When you are going out of business, you need to notify the people and businesses you've relied on—suppliers, banks, insurers, customers, and so on—that you're closing. In some instances this is a legal requirement; in others it is a contractual requirement. But in all cases, it's a matter of good business practice. When and how you notify a creditor depends on whether you owe the creditor money, you have any property that belongs to the creditor, and whether you need any continuing services from the creditor.
Suppliers who provide you with inventory or materials will want to know when the last delivery should be made, whether you're returning any goods, and when and how they'll get paid for goods they've supplied. If you want to continue to receive supplies until you close your doors, wait until the last week to let suppliers know of your impending closure.
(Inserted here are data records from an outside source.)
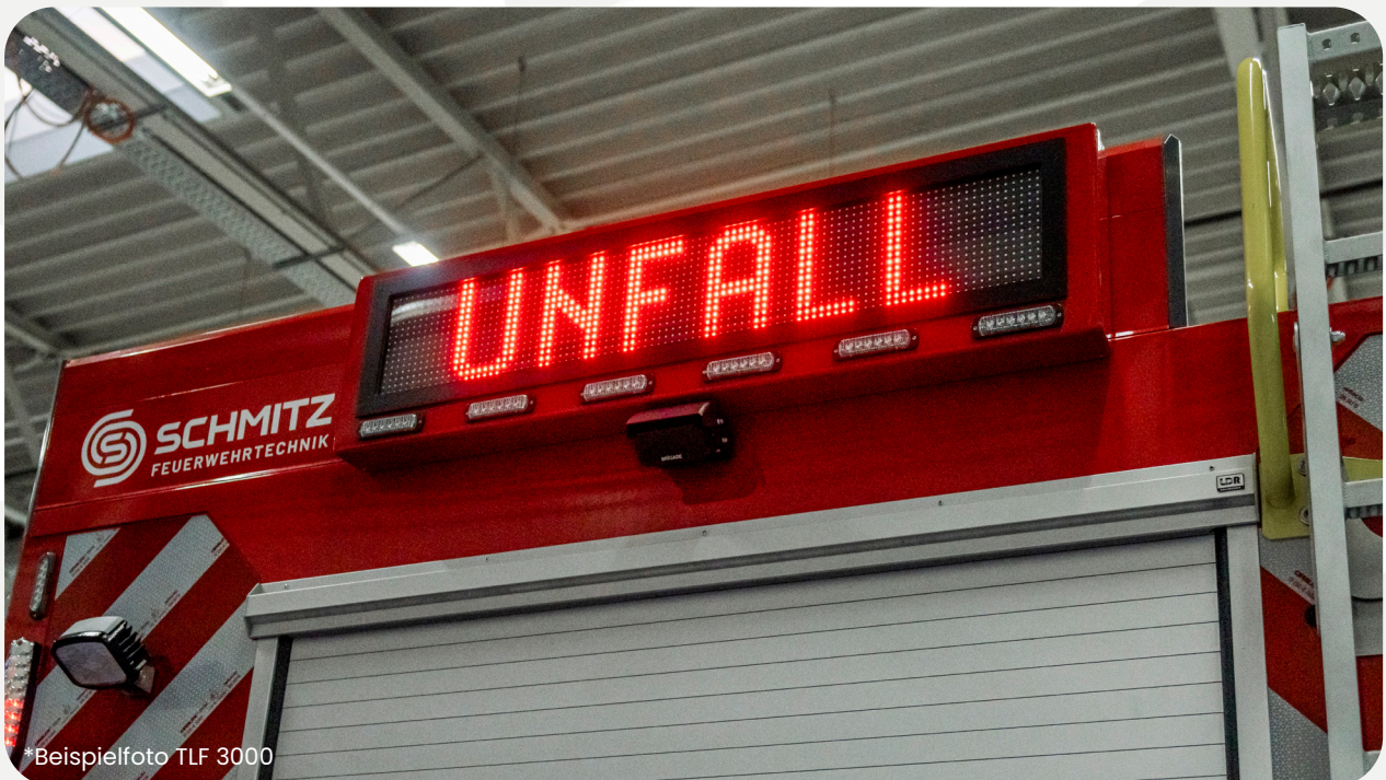
*Beispielfoto TLF 3000
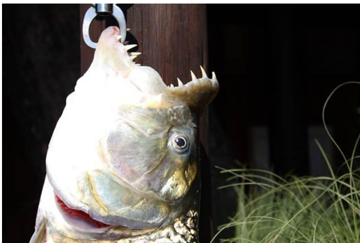
Răng của nó nhọn hoắc à
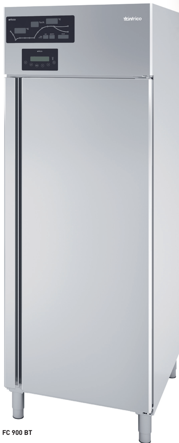
FC 900 BT
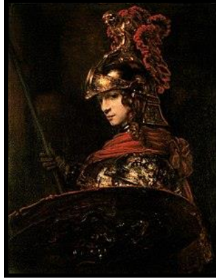
Şekil 7: Rembrandt,"Palas Athena", yak.b 1655, Tuval Üstüne Yağlı boya, 118x91cm, Maseu Calouste Gulbenkian, Lizbon. 19

Rönesanas döneminde mitolojik konulu resimlerde, Hıristiyanlık konularındaki gibi kesin kurallar konmadığından, sanatçı efsanevi tanrıçalar sanatçılara kadın vücudunun tamamını sergileme özgürlüğünü vermiştir. Barok döneminde de "Bu dünyayı öte dünyanın konularıyla ustaca birleştirmeyi başaran Rönesans ressamı yeniden örnek alınmaya başlandı". 18 Kendinden önceki dönem eserleriyle karşılaştırıldığında Rembrandt'ın tanrıça Athena'sının yalnızca yüzünün görülmesi düşündürücüdür. Sanatçı bu eserinde tanrıçanın güzellik vurgusundan çok, savaşçı yönünü öne çıkarmıştır. O, bu eseri ile farklı bir güzellik anlayışından mı söz etmiştir ya da toplumun kadına olan bakış açısını değiştirmek yönünde bir mesaj mı vermek istemiştir bilinmez.
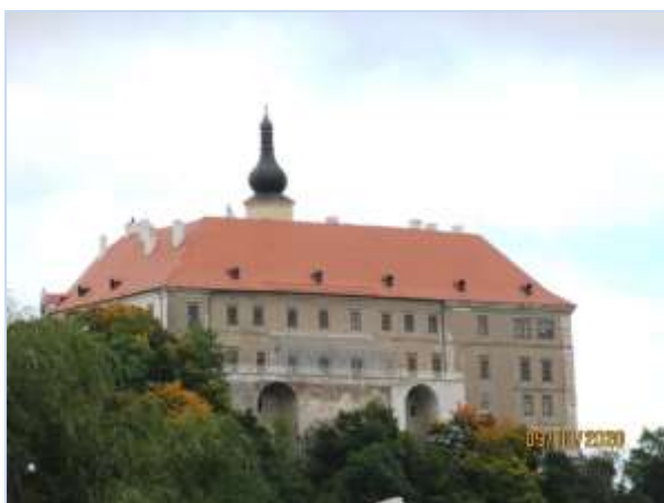
Zámek Náměšť nad Oslavou

Sešly jsme pak dolů k řece Oslavě, přešly barokní kamenný most z roku 1737 s dvaceti sochami – most se právě opravuje. Kolem kostela sv. Jana Křtitele jsme přišly na náměstí a odtud zaměřily na nádraží. A tak úspěšně skončil náš výlet.
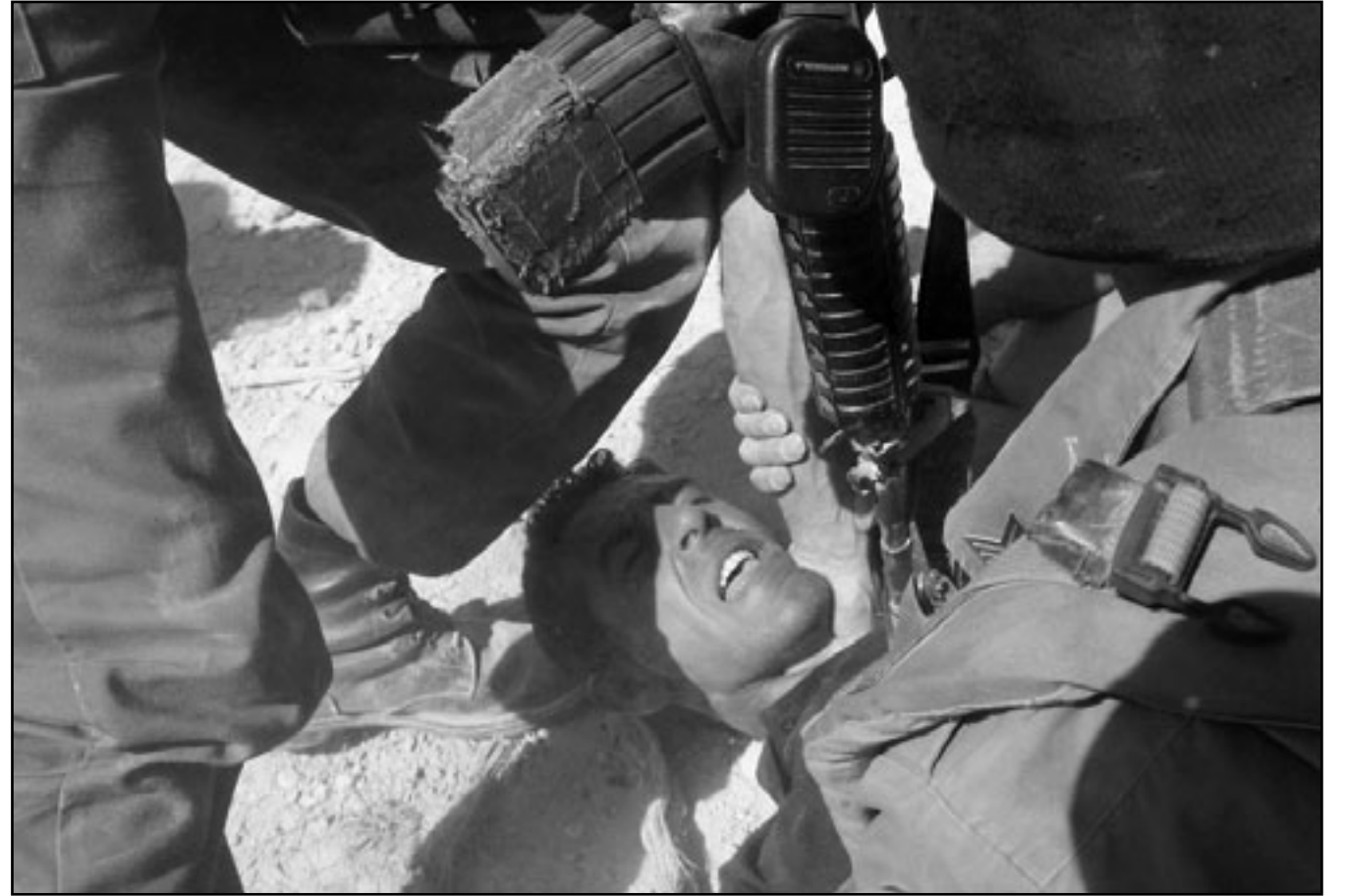
جندو اسرائيليون يعتقلون فلسطينيين خلال احتجاج لمنع الجرافات الاسرائيلية من تسوية اراض فلسطينية لضماها للجدار العازل في قرية الوجة في منطقة بيت لحم

Obviously, don't order anything unless you know you can pay for it!
When you decide it's time to let your suppliers and unsecured creditors know of your closure, send them a certified letter saying that you will be closing your business and are requesting claims for payment—in other words, final bills.
Your letter should include the deadline for the creditors to submit claims (it varies by state), a statement that their claims will be barred if not received by the deadline, a list of the information that the creditor should send to file a claim, and the mailing address to which the creditor must send the claim. If a creditor does not respond within the time period, your corporation or LLC can generally disregard that creditor's claim.
The deadline for creditors to submit claims varies from 90 to 180 days, depending on your state's corporate or LLC laws (it's 120 days in the vast majority of states). To find out the rule in your state, you will need to check the appropriate provision in your state’s Business Corporation Act or Limited Liability Company Act. In at least some states, this will be in a section covering dissolutions.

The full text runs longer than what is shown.